- Task description: This task calls for the lines below starting at the one containing "In questo caso, sembrano" and ending at the one containing "de recursos de", repeated exactly with both ends kept and pictures left out.

- Data shown:

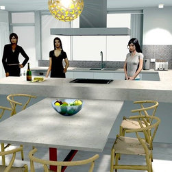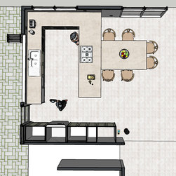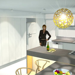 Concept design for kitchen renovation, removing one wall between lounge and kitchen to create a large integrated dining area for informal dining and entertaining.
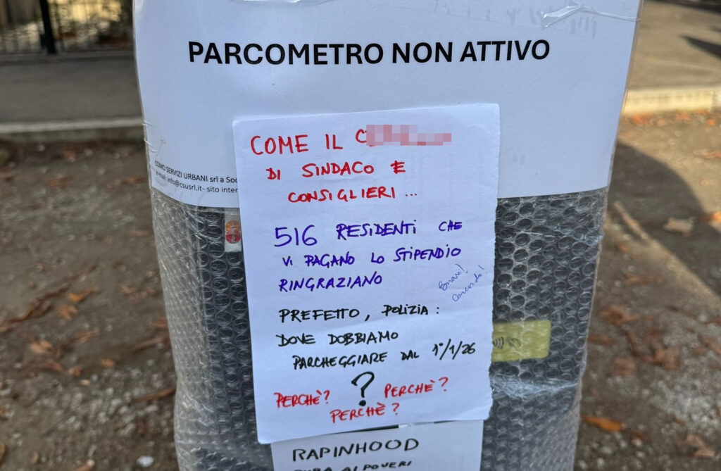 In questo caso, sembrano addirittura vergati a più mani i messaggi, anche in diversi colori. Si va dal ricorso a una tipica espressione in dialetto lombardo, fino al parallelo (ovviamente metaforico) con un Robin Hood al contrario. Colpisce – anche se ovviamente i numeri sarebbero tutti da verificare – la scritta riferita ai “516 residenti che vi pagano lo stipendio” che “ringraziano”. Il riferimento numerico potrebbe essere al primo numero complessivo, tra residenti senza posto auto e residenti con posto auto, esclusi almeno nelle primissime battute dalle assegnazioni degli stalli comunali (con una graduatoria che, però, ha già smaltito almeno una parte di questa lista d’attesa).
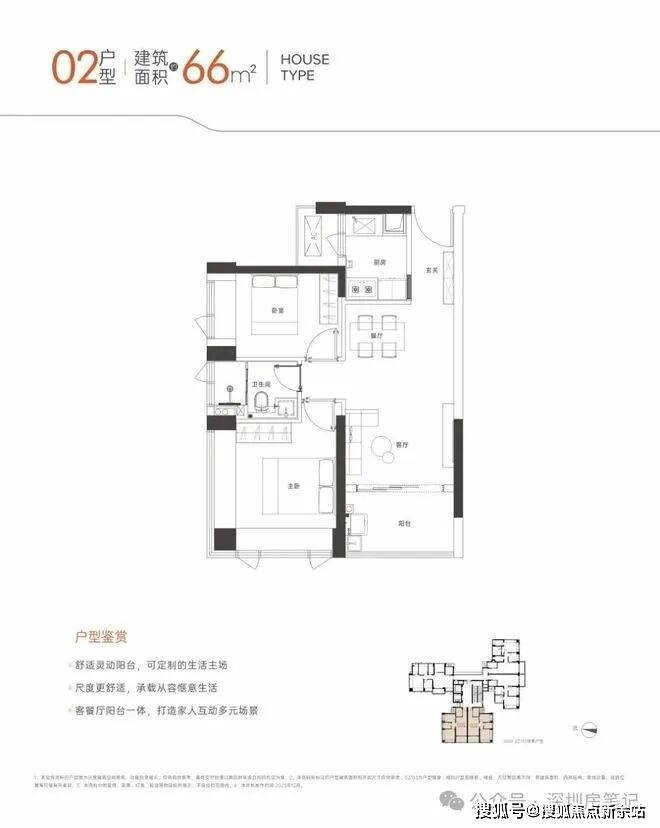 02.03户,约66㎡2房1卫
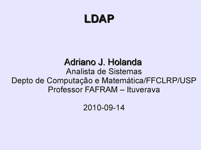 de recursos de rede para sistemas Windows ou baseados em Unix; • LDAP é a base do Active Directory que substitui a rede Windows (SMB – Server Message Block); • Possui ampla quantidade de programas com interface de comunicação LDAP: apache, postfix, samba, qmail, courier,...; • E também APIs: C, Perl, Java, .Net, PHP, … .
==
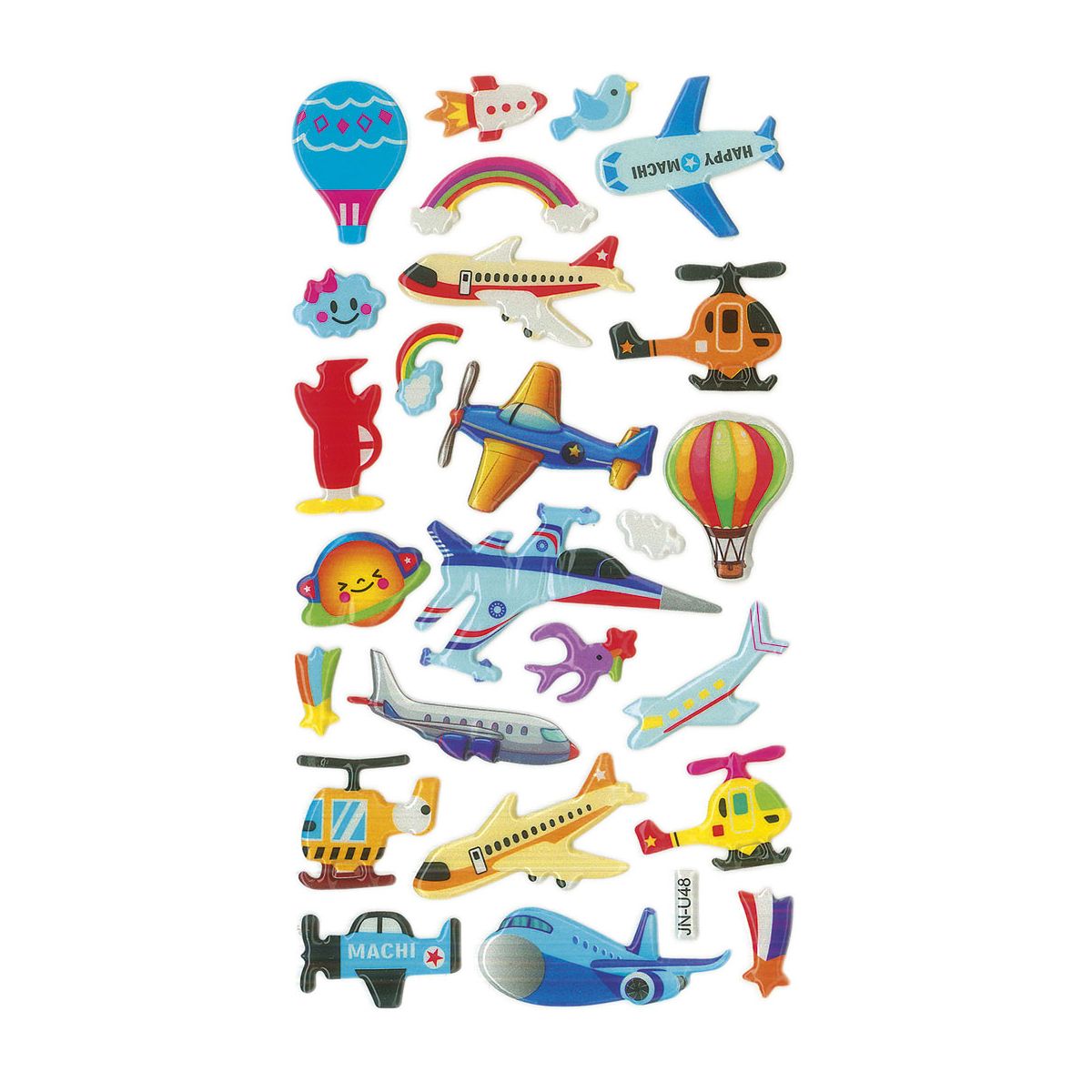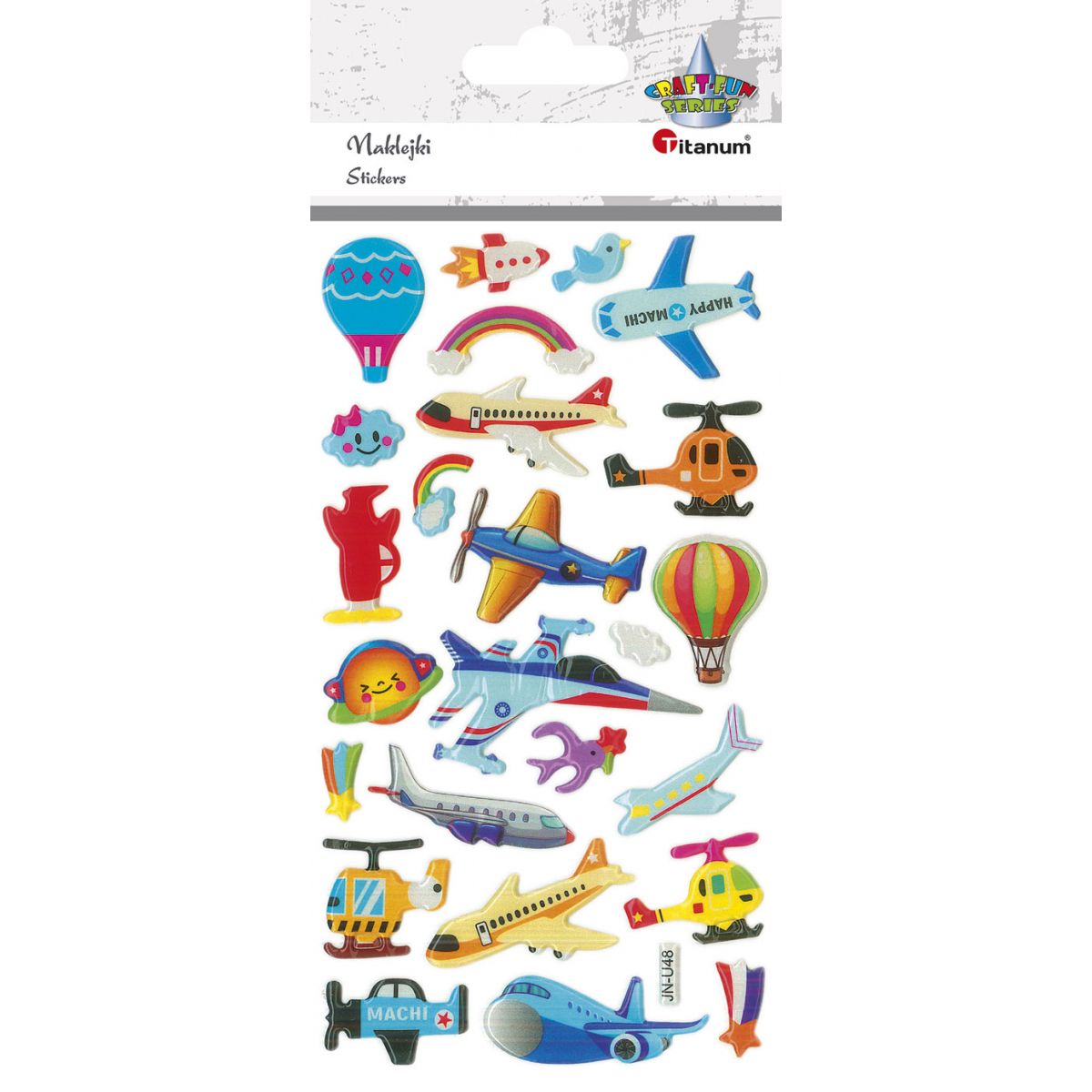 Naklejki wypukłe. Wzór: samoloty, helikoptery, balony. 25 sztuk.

- Exercise answer:
 In questo caso, sembrano addirittura vergati a più mani i messaggi, anche in diversi colori. Si va dal ricorso a una tipica espressione in dialetto lombardo, fino al parallelo (ovviamente metaforico) con un Robin Hood al contrario. Colpisce – anche se ovviamente i numeri sarebbero tutti da verificare – la scritta riferita ai “516 residenti che vi pagano lo stipendio” che “ringraziano”. Il riferimento numerico potrebbe essere al primo numero complessivo, tra residenti senza posto auto e residenti con posto auto, esclusi almeno nelle primissime battute dalle assegnazioni degli stalli comunali (con una graduatoria che, però, ha già smaltito almeno una parte di questa lista d’attesa).
 02.03户,约66㎡2房1卫
 de recursos de rede para sistemas Windows ou baseados em Unix; • LDAP é a base do Active Directory que substitui a rede Windows (SMB – Server Message Block); • Possui ampla quantidade de programas com interface de comunicação LDAP: apache, postfix, samba, qmail, courier,...; • E também APIs: C, Perl, Java, .Net, PHP, … .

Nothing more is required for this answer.